I guess my point is that, yes, this may be Cambridge. But it is still college. And in the end, we’re still kids. 

The Prelude

“I could not print Ground where the grass had yielded to the steps Of generations of illustrious men, Unmoved. I could not always lightly pass Through the same gateways, sleep where they had slept, Wake where they had waked, range that inclosure old, That garden of great intellects, undisturbed.”
-          The Prelude, William Wordsworth

I began The Prelude for the first time, last night, after it was given to me by Dr. Kerry—the rather warm and somewhat intimidating BYU professor, advisor, and friend, who is with us here at Cambridge. A small, blue book, embossed with gold foil lettering and the image of a boy with a flute, bookmarked at the section entitled “Residence at Cambridge,” The Prelude is Wordsworth’s history of his own growth as a poet. (All in verse, of course, because nobody would ever dream of writing something of such depth in prose.)

As I turned the crisp yellow pages, and reflected on the simple similarities between this favorite poet’s experience at Cambridge, and my own short stay, I was struck by how strange it is that I am walking the streets that Chaucer, Spencer, Milton, Wordsworth, Newton, Darwin, and a hundred other brilliant minds have walked. These walls are seeped in hundreds of years of history, thought, discovery—and absolutely buckets of chilly English rain.

This has been the nearest thing to paradise, for me. The food, the sights, the change of pace… this has all been rather lovely, of course.
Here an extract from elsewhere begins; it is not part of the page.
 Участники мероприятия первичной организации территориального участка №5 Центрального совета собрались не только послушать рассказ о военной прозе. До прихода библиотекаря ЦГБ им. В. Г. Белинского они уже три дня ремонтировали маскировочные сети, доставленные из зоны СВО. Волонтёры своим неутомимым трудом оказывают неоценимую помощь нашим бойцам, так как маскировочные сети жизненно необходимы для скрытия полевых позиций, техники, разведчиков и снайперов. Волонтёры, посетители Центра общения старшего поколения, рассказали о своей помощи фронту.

But to be able to sit on a bench for five or six hours at a time, in the middle of the day, writing, uninterrupted, surrounded by green grass and the smell of roses and the walls of Pembroke College—this is heaven for me.
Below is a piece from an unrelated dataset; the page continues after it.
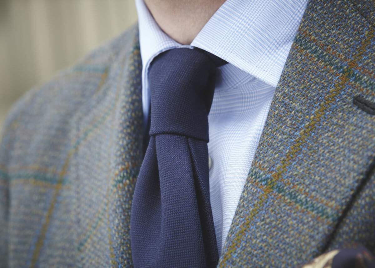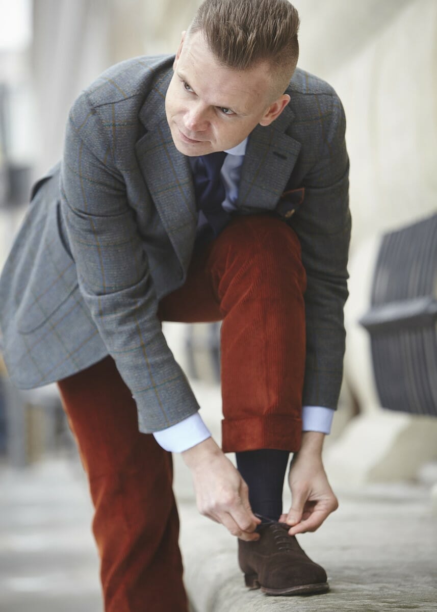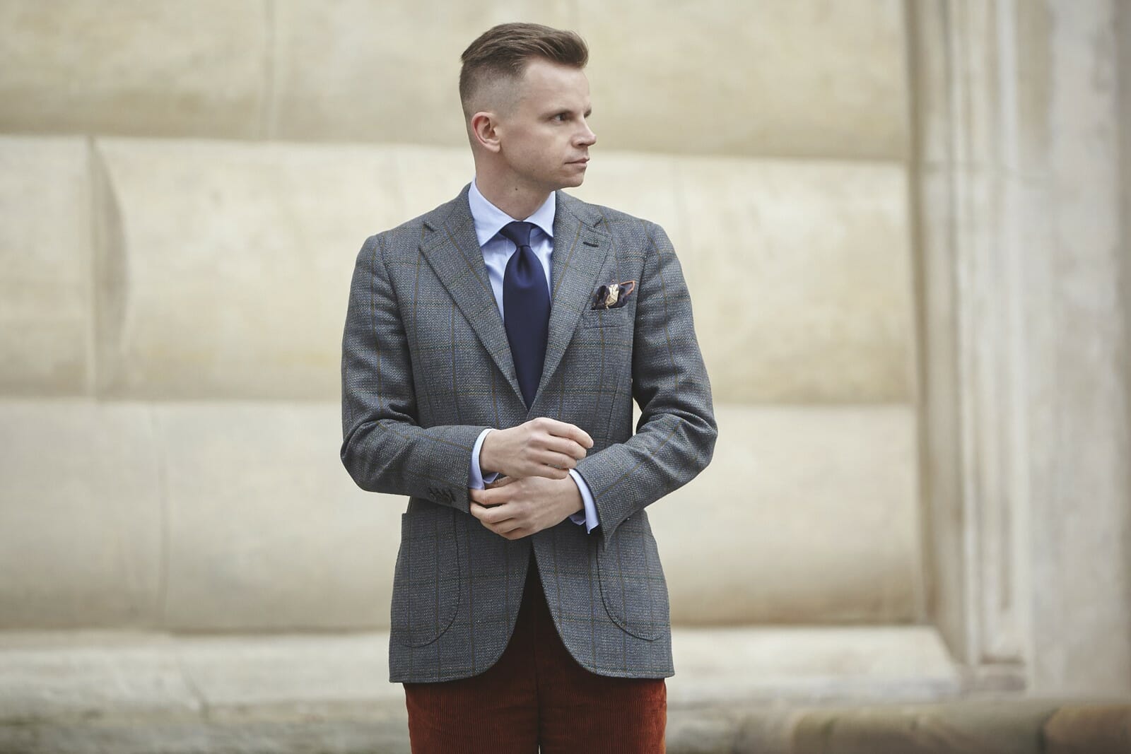 Skąd wyrażenie „na sportowo” w tytule? Stali czytelnicy wiedzą, że zestaw koordynowany składający się z tweedu i sztruksu był przez Brytyjczyków chętnie stosowany do uprawiania takich aktywności jak jazda na rowerze. Tweed wybrany przez mnie jest naprawdę unikalny. Nie widziałem w żadnym innym próbniku materiału o tak wielu barwach. Marynarka szczególnie ładnie prezentuje się na zewnątrz przy świetle dziennym. Tkanina pochodzi z archiwum W.Bill. Zostało mi jej jeszcze niecałe 4 metry.

I found the most fantastic little bench, at the far north-east corner of Pembroke, behind the café, hidden away from the main path and overhung with leaves and backed by hedges. I had been there for nearly an hour, when a man three times my size plopped down on the opposite end and began to smoke. I admit I was bewildered. There were plenty of empty benches in the vicinity, and I had no idea why this large, smoking man had chosen mine so particularly when he had such a wide variety of options. After twenty minutes, he threw his cigarette to one side, and walked off.

It was only after a friend and current student of Pemroke College approached and said, rather amusedly, “I don’t often see people with laptops on this particular bench,” that the puzzle of the smoking man was solved. As it happens, the exact spot where I was sitting constitutes the only corner of the college in which smoking is allowed! (Which also explained the multitude of cigarette butts to the left of the bench—I admit, my observational skills could use some serious sharpening, if I am going to be even marginally successful as a writer in this life.)

I want—so much—to write. As Bryan, one of my creative writing professors puts it, “Writing is more of an affliction, really. It’s like having eczema. It’s a kind of disease.” You can’t stop. And what’s more, you don’t want to.

I wonder, Wordsworth, how did your affliction change and grow and find itself scrawled upon a page? As I sit on my bed, with three notebooks, a laptop, and The Prelude strewn across the sheets, I can’t wait to find out. And I have a twinge of hope that perhaps I will follow you—perhaps I am living a prelude of my own, already, on these streets, which might someday be worth writing down.